Rhiannon enjoyed the subject as much as she liked the others, but didn't find much challenge in it. She preferred Charms and Potions. Charms needed memory and determination, Potions focus and precision. She liked the outcome of Potions, being able to brew something that could relieve pain for instance (or a really fantastic shampoo, but she would never share that with old Sluggy). She liked how she had had to train her mind for the best Charm work (and the duels she and her friends had fought in deserted corridors (until her mother had put a stop to it).

"Are you ready?" Máthair asked. Rhiannon nodded.

"Lets go then." Rhiannon took a deep breath and determinedly Apparated to her ancestral home in Godric's Hollow.


They were sitting in the garden with steaming cups of ginger tea. Out of her teaching robes, her mother looked less severe, with her bun out of it's restraints and her hair flowing down her back she looked much younger than the stern professor she had to be at Hogwarts. They sat comfortable together, quiet. Her mother had accio'd a plate of different biscuits, including Rhiannon's favourites. She picked one up and nibbled on it. Her mind was full, she found it hard to concentrate.

She knew that while she was safe at Hogwarts, being looked after by her parents and a myriad of teachers and House Elfs, the real world was being shaken, Dark forces were at work and her father was worried, she could see it in the wrinkles on his brow. Her mother was still young, only twenty-three years Rhiannon's senior and so beautiful with her raven hair and green eyes that are capable of locking you in their grip - her father had always looked young too, but his hair was losing colour with alarming speed.

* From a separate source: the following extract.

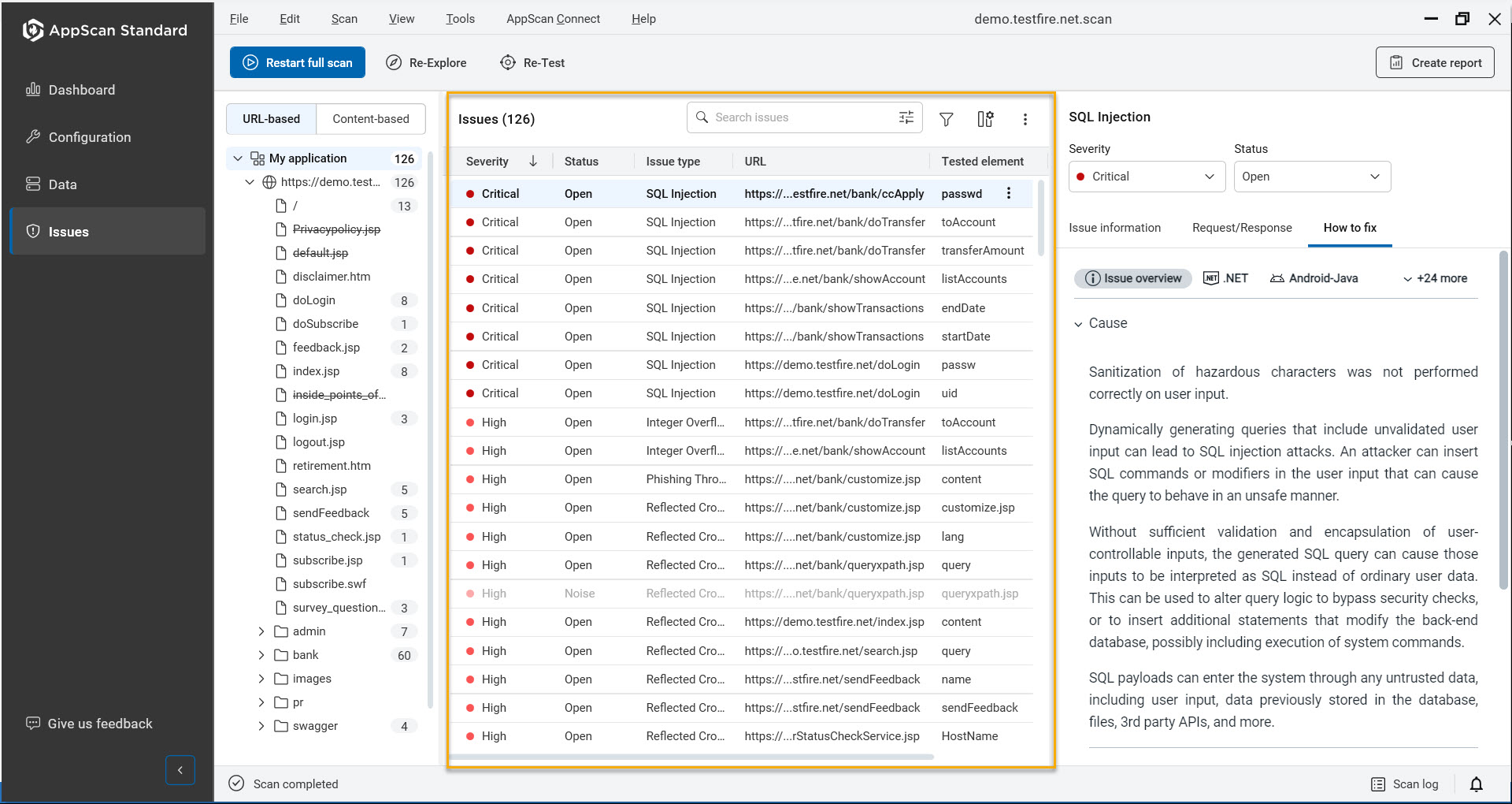 The total number of security issues (at the top of the Result List) is a measure of the vulnerable locations in the site and depends in part on how the site is structured. If you define a content-based structure, the total number of issues in the application tree may not be the same as it is for the URL-based application tree (for the same results). When site structure is content-based (rather than URL-based), and the content-based view is configured correctly, the issue count in the content-based view represents more accurately the number of "vulnerable locations" that exist in the site. The total number of variants (at the top of the Result List in parentheses) is independent of site structure and does not change between content-based and URL-based views.

Rhiannon had inherited her father's auburn locks and bright blue eyes and looked the proverbial Scottish lass thanks to her mother's tall stature and the soft lilt of her accent. As a child she had often been alone. Hogwarts was a place filled with children, but none of them were playmates for a four-year-old who was being homeschooled by her father.

Rhiannon had asked for a sibling once for Christmas and her mother had told her even Father Christmas would not be able to grant that wish. Instead she had received a pair of Muggle rollerskates and she had been chuffed to bits, learning how to use them whilst House Elfs hovered about, catching her whenever she fell.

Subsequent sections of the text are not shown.